UTC 2022 Funding - Cycle 3 Research Projects
Project No.: CY3-UARK-01
Title: Automating Statewide Seat Belt Monitoring
Performing Institution: University of Arkansas
Principal Investigator: Sarah Hernandez, University of Arkansas
Start and Anticipated Completion Dates: 01/01/2026 to 01/15/2027
Abstract: Despite some recent improvements, seat belt usage in Arkansas, Oklahoma, and Louisiana remains below the national average of 91.9%. These relatively low usage rates position three of the SPTC region states among the states with the lowest seat belt compliance, highlighting the need for enhanced safety initiatives and monitoring methods. The National Highway Traffic Safety Administration (NHTSA) requires annual statewide surveys of seat belt use to be eligible for federal funding for highway safety programs, funds that are used for traffic safety campaigns and enforcement programs.

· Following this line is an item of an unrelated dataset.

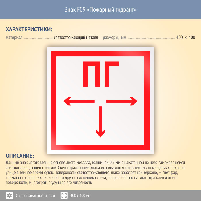 Знак F09 «Пожарный гидрант» (светоотражающий металл, 400х400 мм) в Яхроме купить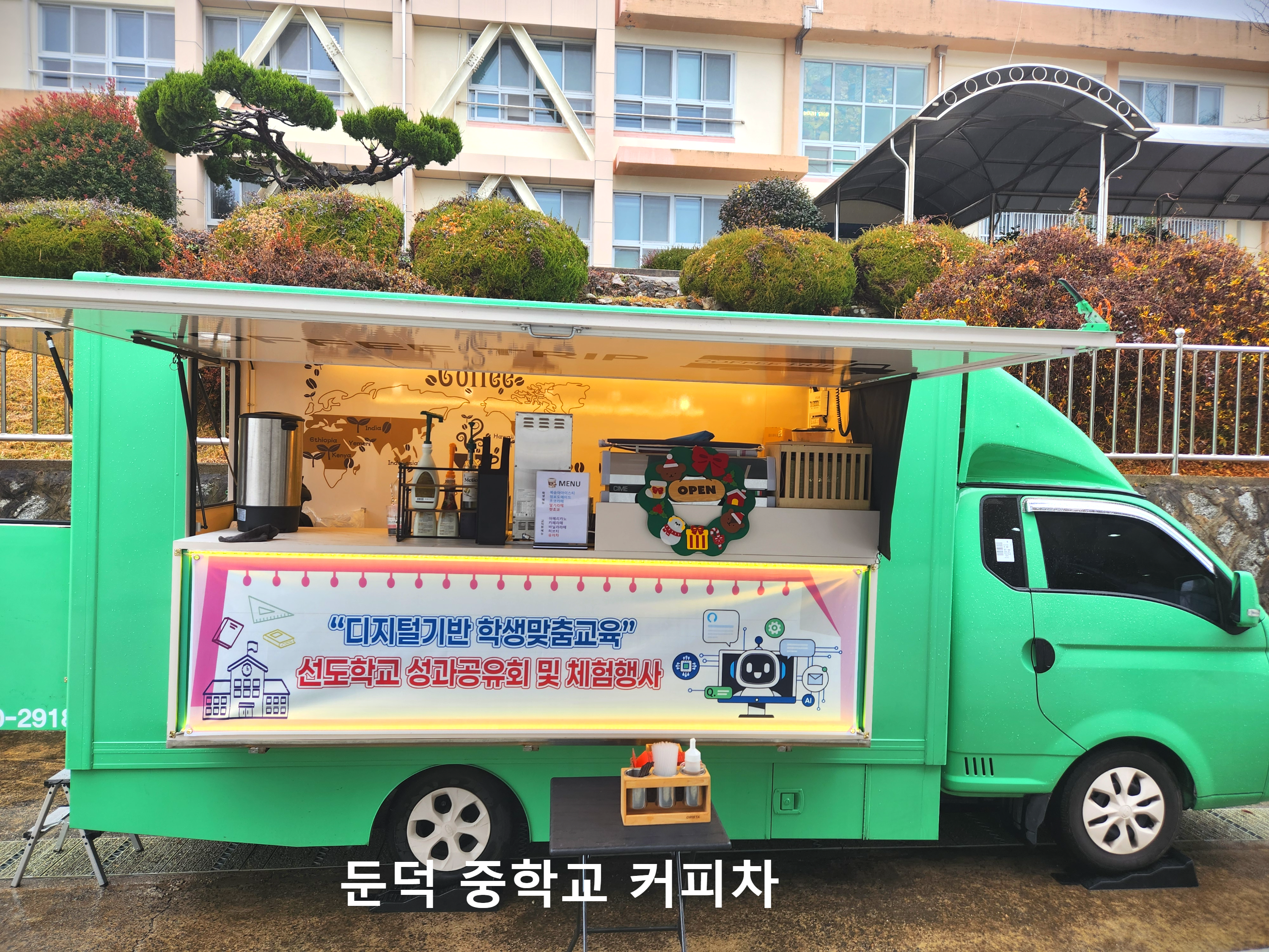 2025년 12월 24일, 거제 둔덕중학교에서 열린 덕인일심제 현장에 커피트립이 커피차로 함께했습니다. 푸른 바다가 학교를 포근히 감싸 안은 둔덕중학교는 교문을 나서면 탁 트인 거제 바다가 한눈에 들어오는 아름다운 곳으로, 그 풍경만으로도 설렘이 느껴지는 특별한 공간이었습니다.

This project aims to enhance traffic safety programs aimed at education and enforcement of seat belt use. This project will automate statewide seat belt monitoring using Connected Vehicle (CV) and crash report data. CV and crash report data have the potential to reduce data collection burdens for seat belt use monitoring which is used for enforcement and education programs. The project tasks are to (1) implement a full-scale survey of seat belt engagement chain of event processes, and (2) develop mathematical models to estimate the relationship between observational seat belt use and belt use reported by crash reports. Replacing manual observations that are currently used to collect statewide seatbelt use data with continuous CV event and/or crash report data will enable more temporally and spatially continuous observations of seat belt usage.

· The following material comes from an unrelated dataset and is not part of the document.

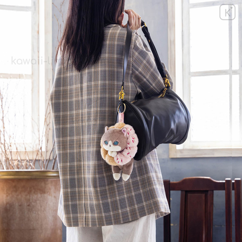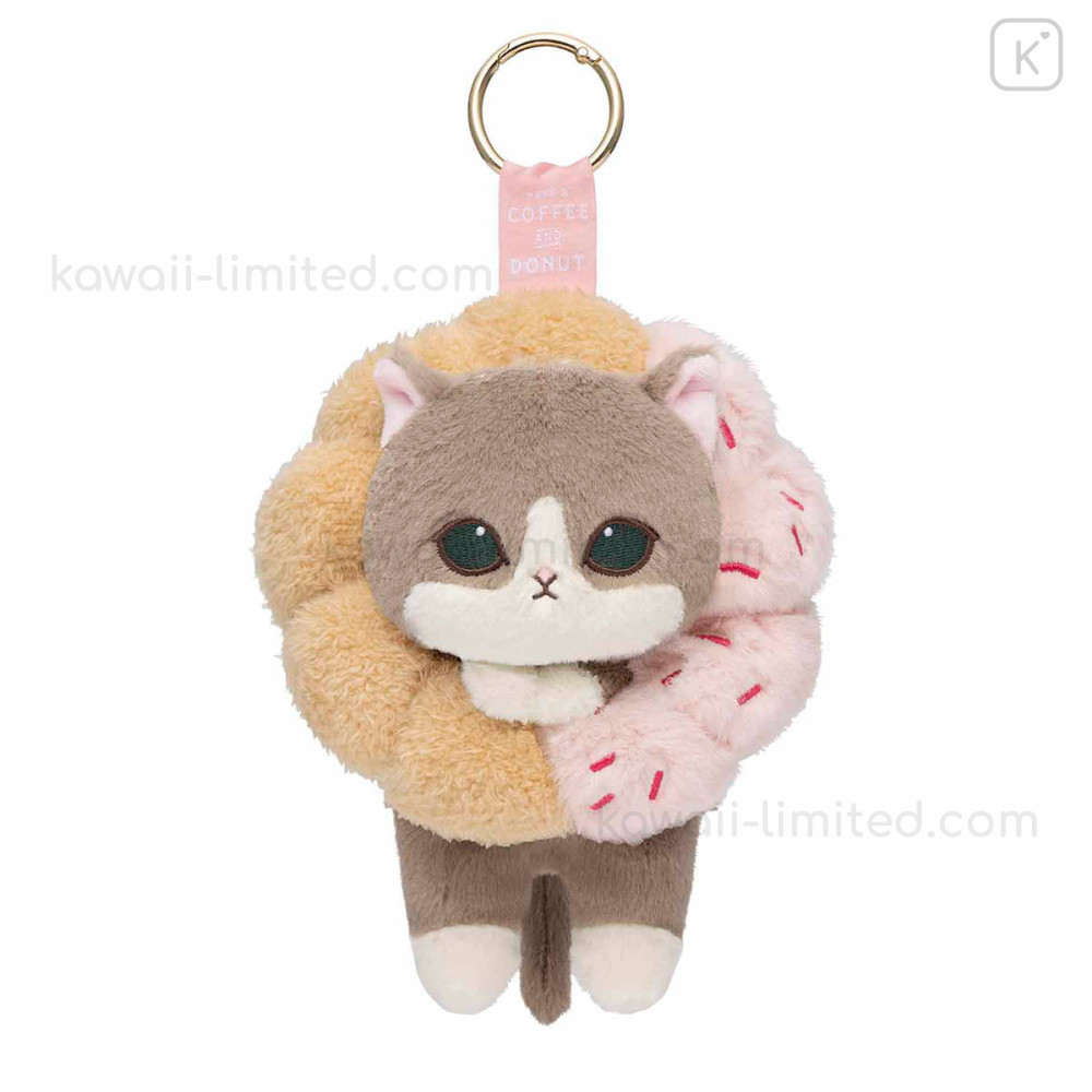 Japan Mofusand Plush Mascot with Carabiner Bag Charm - Mofusand Coffee And Donuts Cat Strawberry Cruller

This project builds on SPTC Cycle 2 work which established a pilot project to evaluate seat belt engagement chain of events through naturalistic driving study and developed an exploratory model of observed seat belt use and seat belt use reported in crash records using historical data. The pilot project established survey protocols, equipment specifications for dashboard cameras, collected data for a small number of participants (<15 samples), and established a numerical relationship between observed and crash reported belt use. The proposed work will expand the sample size for both the naturalistic driving experiments and modeling efforts. Cycle 2 outcomes directly support this next step, allowing the project to move from exploratory analysis toward a more operational modeling framework.